▶ TRY IT
Although the entries contain pictures, the copy should hold only their exact text.

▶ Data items
################

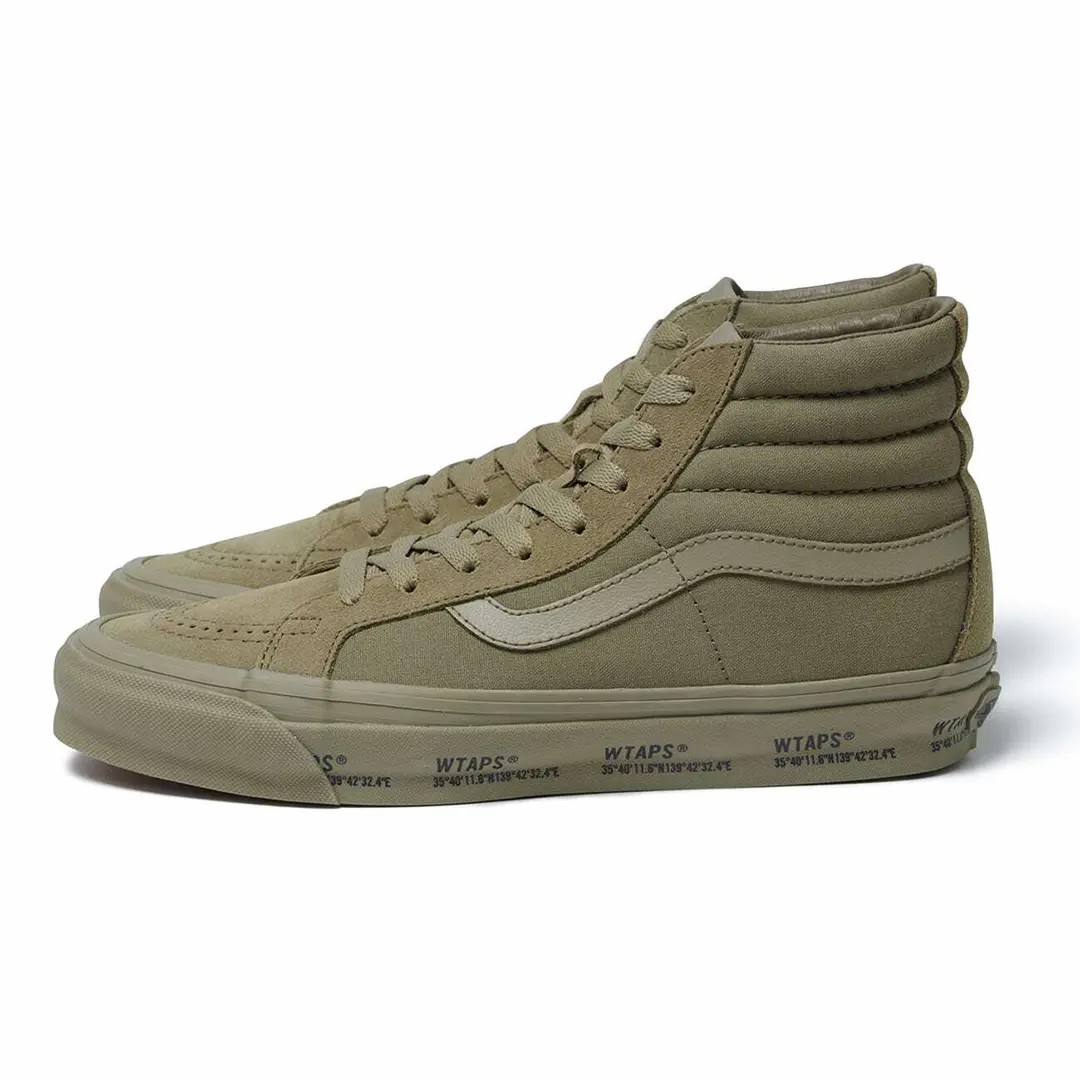 Dòng sản phẩm hợp tác WTAPS x Vans Vault mới nhất tiếp tục niềm đam mê của thương hiệu với trang phục phong cách quân đội. Họ đã lựa chọn các mẫu giày phổ biến từ VANS bao gồm OG Sk8-Hi LX và OG Authentic LX để thực hiện thiết kế. Thông qua tông màu xanh ô liu thể hiện rõ nhất phong cách quân đội, màu sắc được ưu ái phủ toàn bộ phần upper, chạy xuyên suốt thân giày và đế ngoài, thể hiện tính thẩm mỹ quân sự mang tính biểu tượng của WTAPS.
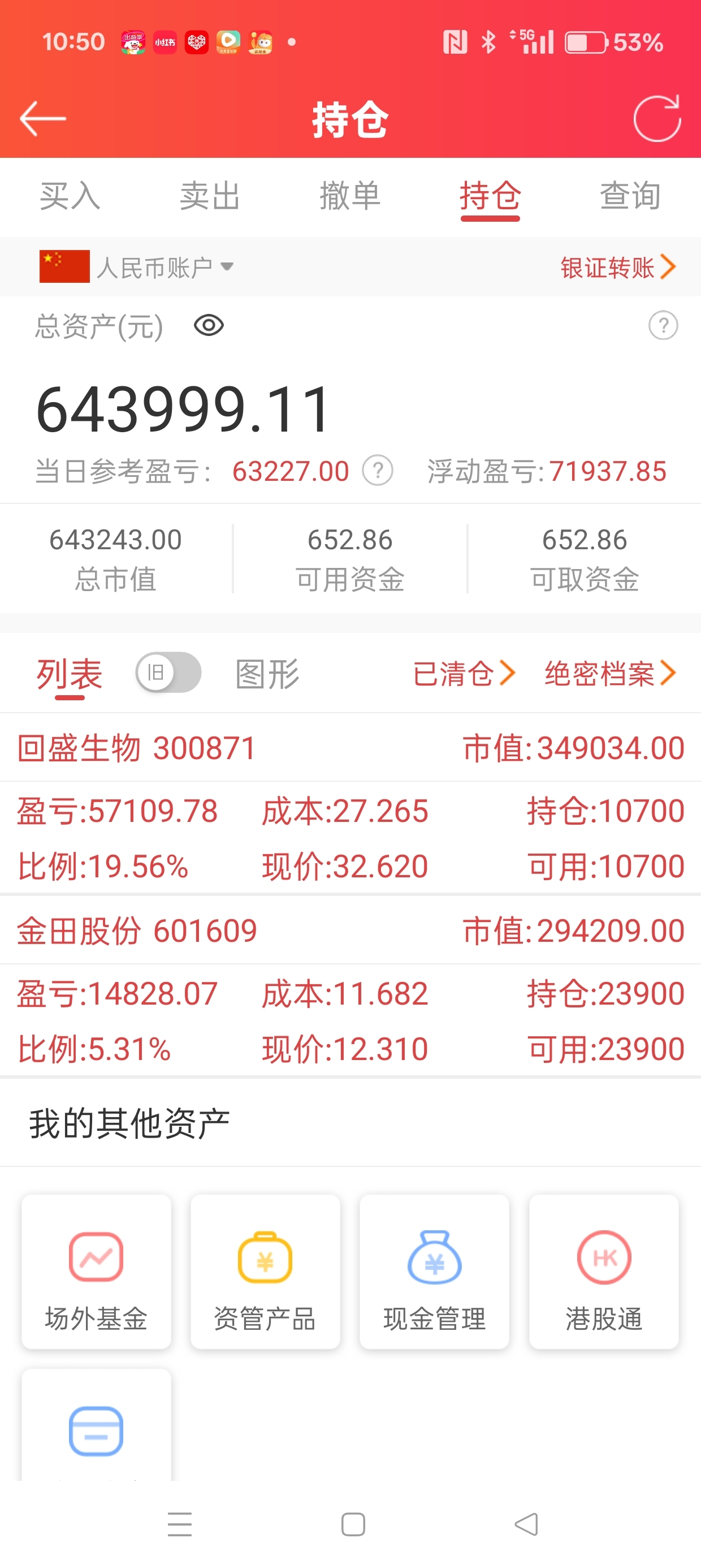 昨天9.79元全部清仓买了回盛生物,和金田股份
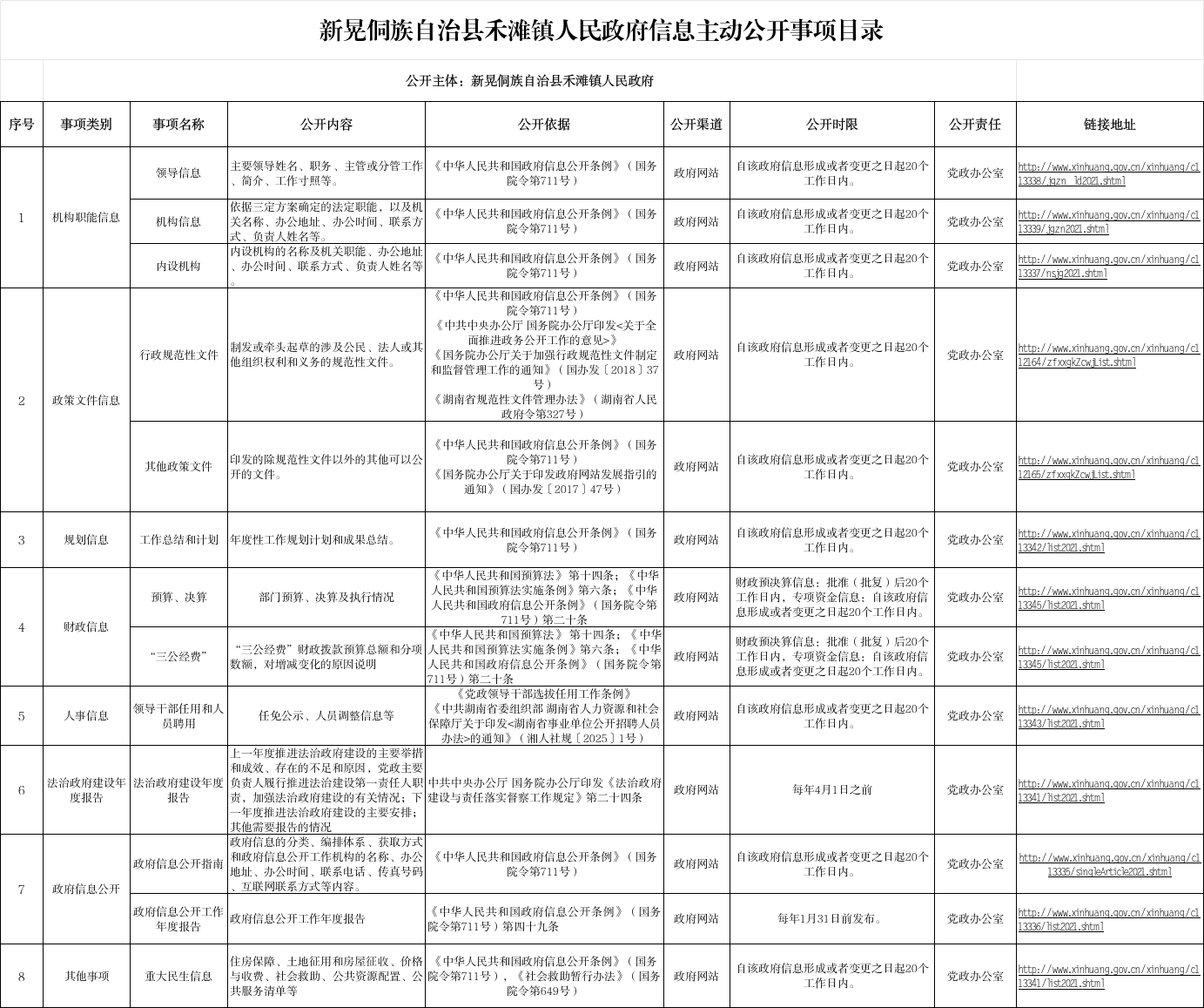新晃侗族自治县禾滩镇人民政府信息主动公开事项目录
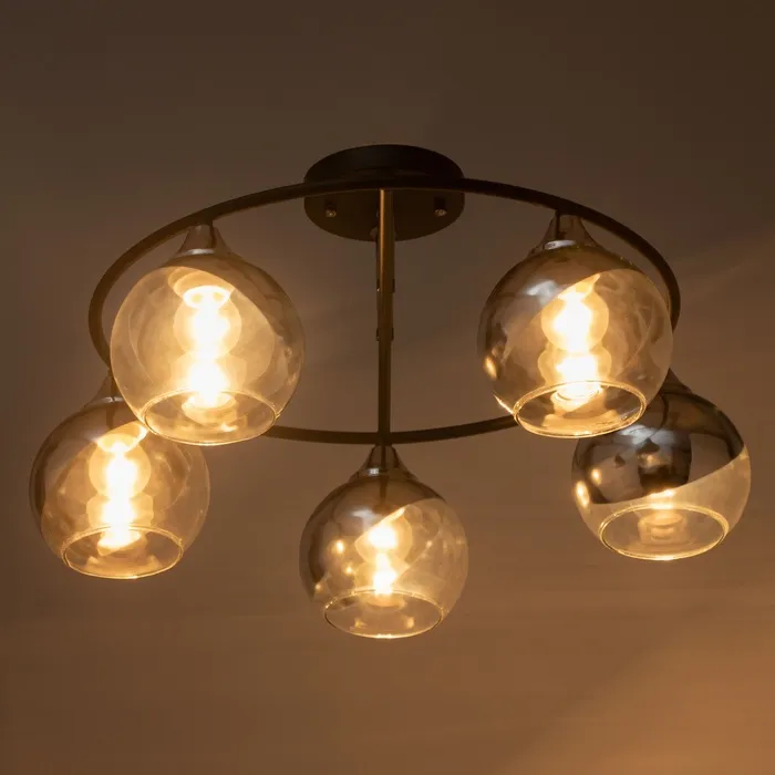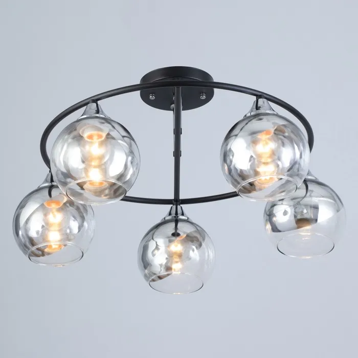 Светильник в черном цвете с пятью лампами станет отличным решением для освещения гостиной или кухни. Элегантный дизайн и функциональность делают его идеальным выбором для тех, кто ценит стиль и практичность.
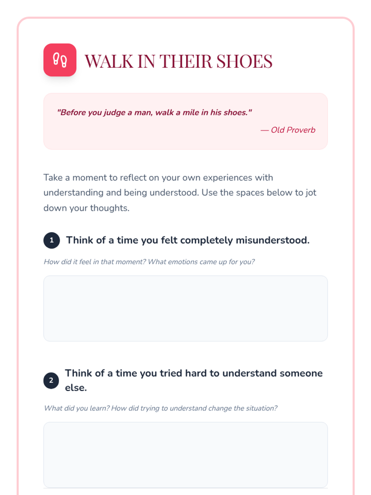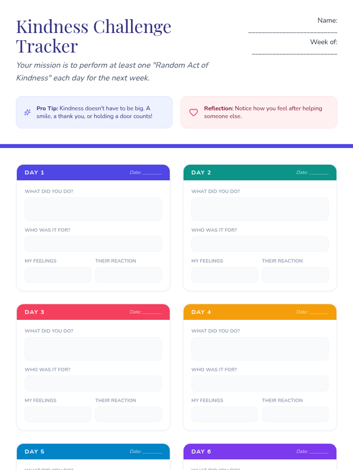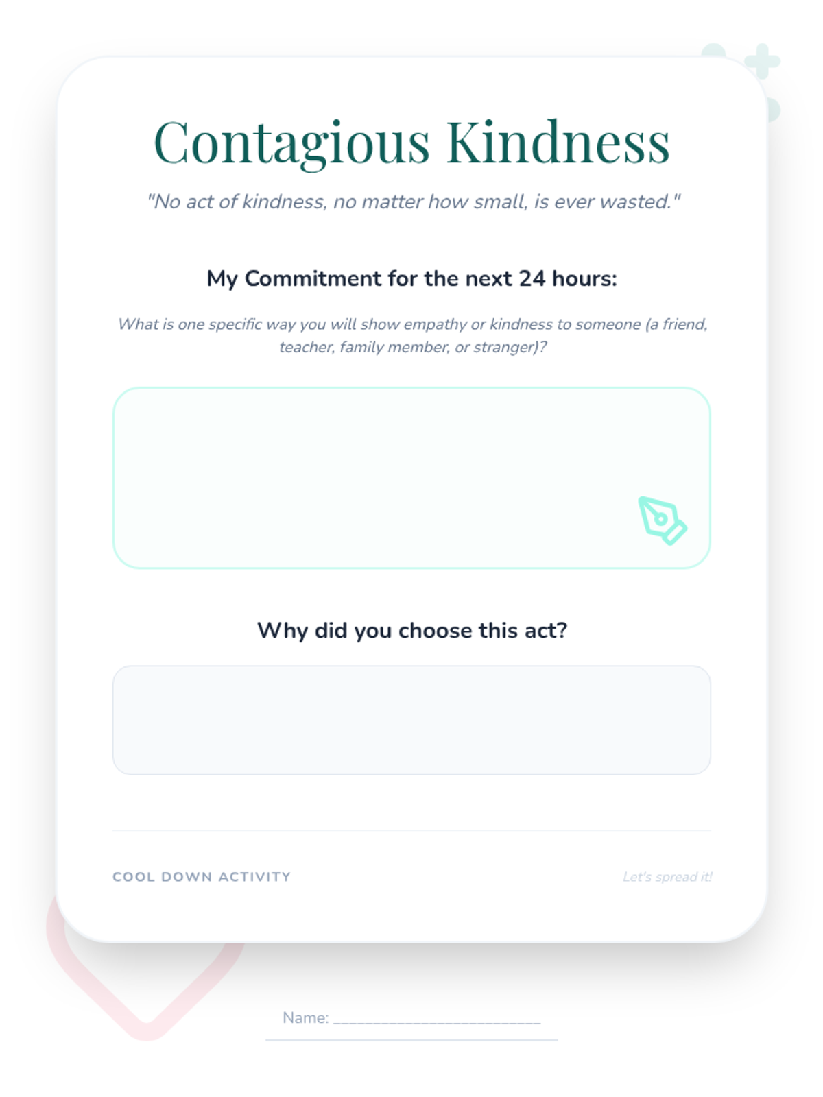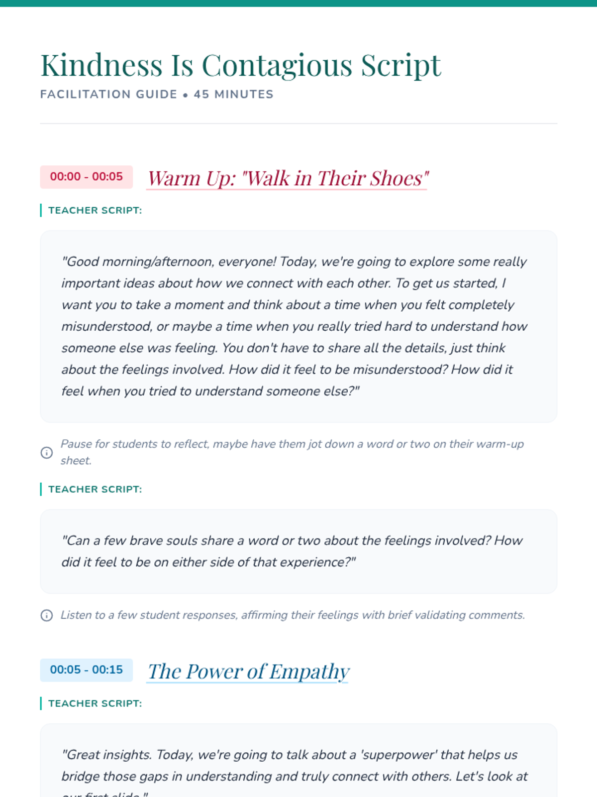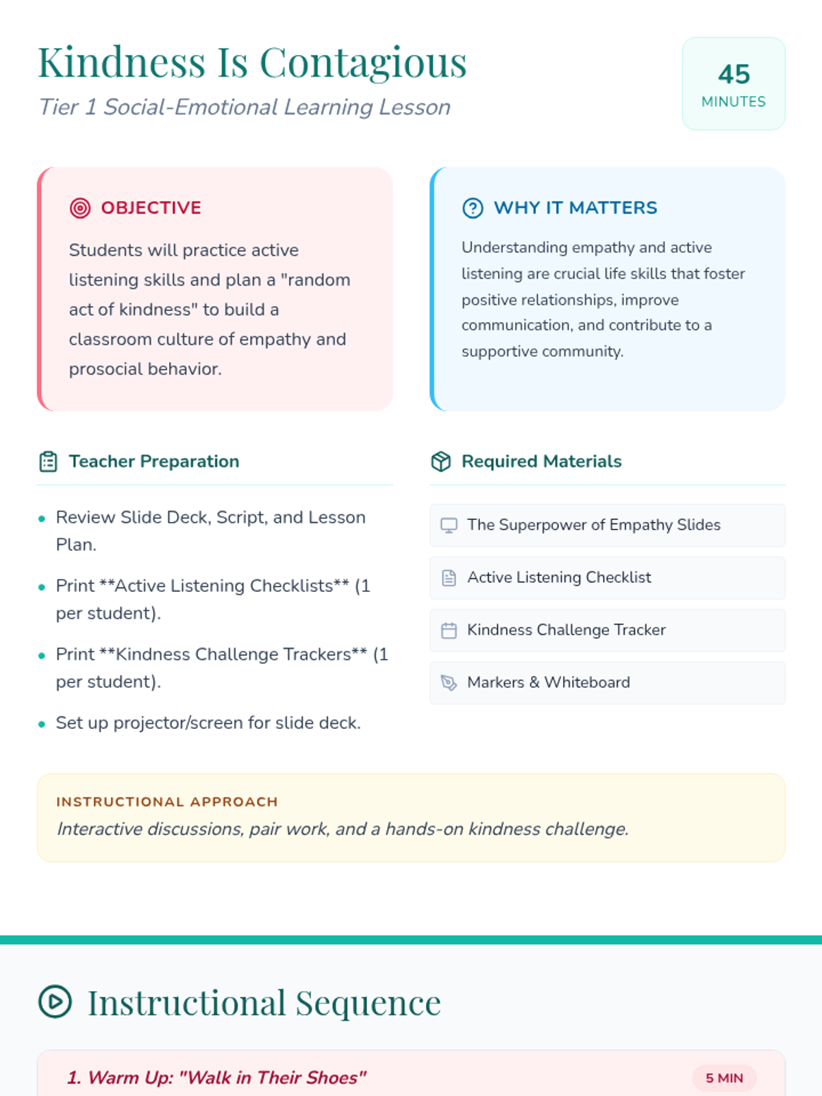 A 45-minute social-emotional learning lesson for 7th graders focused on empathy, active listening, and practicing random acts of kindness. Students distinguish between empathy and sympathy and commit to a week-long kindness challenge.
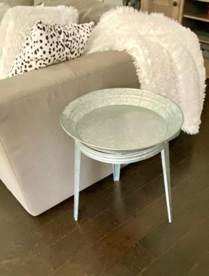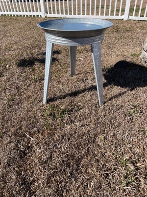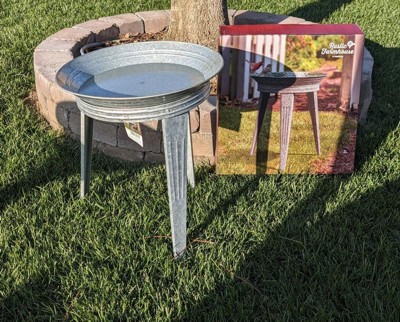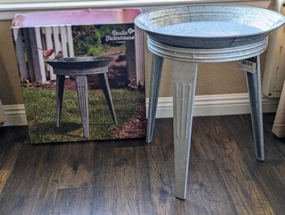 [This review was collected as part of a promotion.] I love this vintage look and style. I’m a big fan of anything galvanized. I was going to use this as a birdbath outside, but I like the look of this as an end table in my living room. Either way, it is super cute and durable. It was easy to put together. The top part swivels, which is a nice feature. I really like this piece.
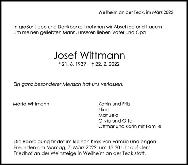 TodesanzeigeVon 28. Februar 2022Kommentar hinterlassen
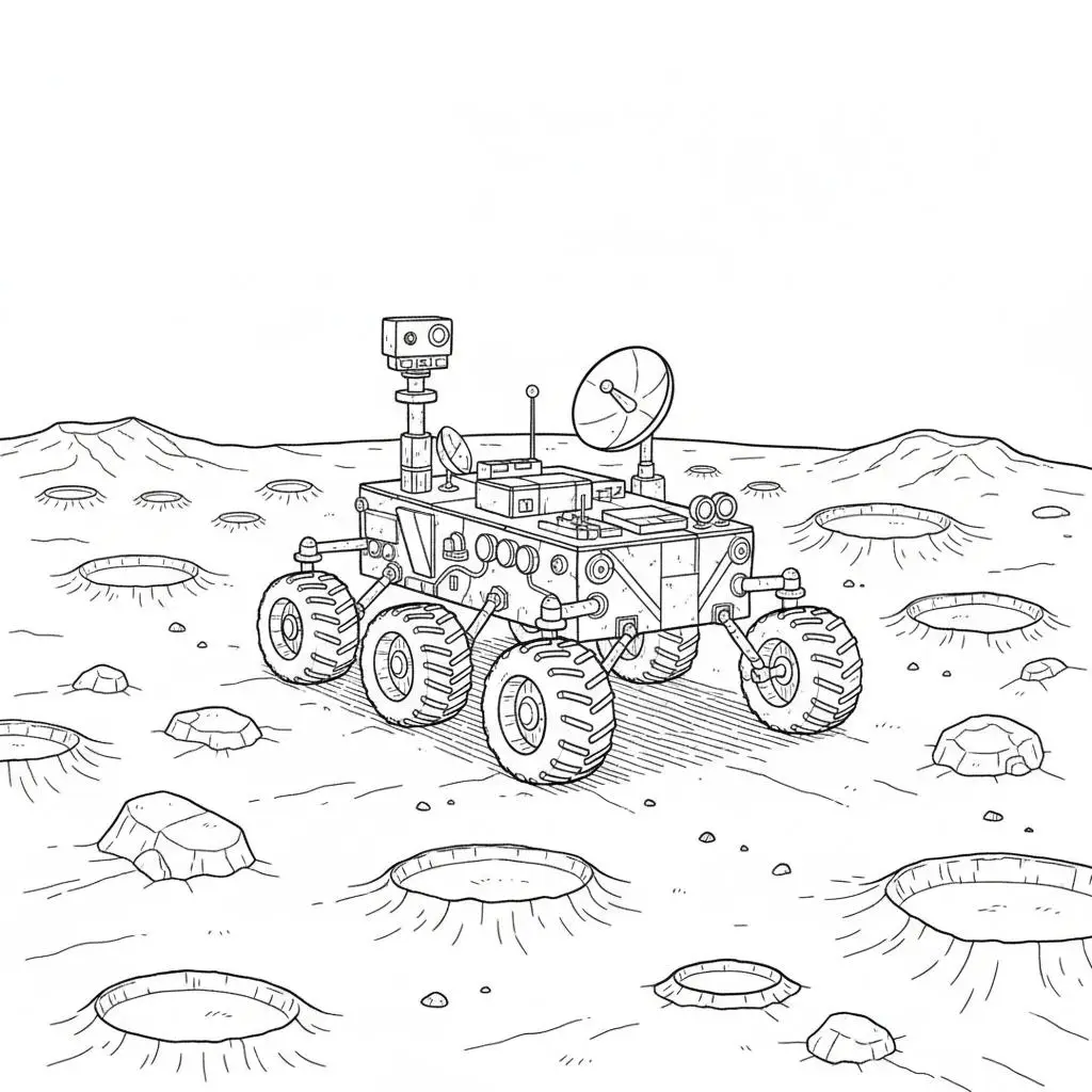 דף צביעה של רכב חלל לילדים בקטגוריה חלל וכוכבים. מתאים לילדים מגיל 3 ומעלה, להדפסה בחינם עם קווים ברורים וציור ידידותי

################

▶ SOLUTION FOR THIS EXERCISE
 Dòng sản phẩm hợp tác WTAPS x Vans Vault mới nhất tiếp tục niềm đam mê của thương hiệu với trang phục phong cách quân đội. Họ đã lựa chọn các mẫu giày phổ biến từ VANS bao gồm OG Sk8-Hi LX và OG Authentic LX để thực hiện thiết kế. Thông qua tông màu xanh ô liu thể hiện rõ nhất phong cách quân đội, màu sắc được ưu ái phủ toàn bộ phần upper, chạy xuyên suốt thân giày và đế ngoài, thể hiện tính thẩm mỹ quân sự mang tính biểu tượng của WTAPS.
 昨天9.79元全部清仓买了回盛生物,和金田股份
新晃侗族自治县禾滩镇人民政府信息主动公开事项目录
 Светильник в черном цвете с пятью лампами станет отличным решением для освещения гостиной или кухни. Элегантный дизайн и функциональность делают его идеальным выбором для тех, кто ценит стиль и практичность.
 A 45-minute social-emotional learning lesson for 7th graders focused on empathy, active listening, and practicing random acts of kindness. Students distinguish between empathy and sympathy and commit to a week-long kindness challenge.
 [This review was collected as part of a promotion.] I love this vintage look and style. I’m a big fan of anything galvanized. I was going to use this as a birdbath outside, but I like the look of this as an end table in my living room. Either way, it is super cute and durable. It was easy to put together. The top part swivels, which is a nice feature. I really like this piece.
 TodesanzeigeVon 28. Februar 2022Kommentar hinterlassen
 דף צביעה של רכב חלל לילדים בקטגוריה חלל וכוכבים. מתאים לילדים מגיל 3 ומעלה, להדפסה בחינם עם קווים ברורים וציור ידידותי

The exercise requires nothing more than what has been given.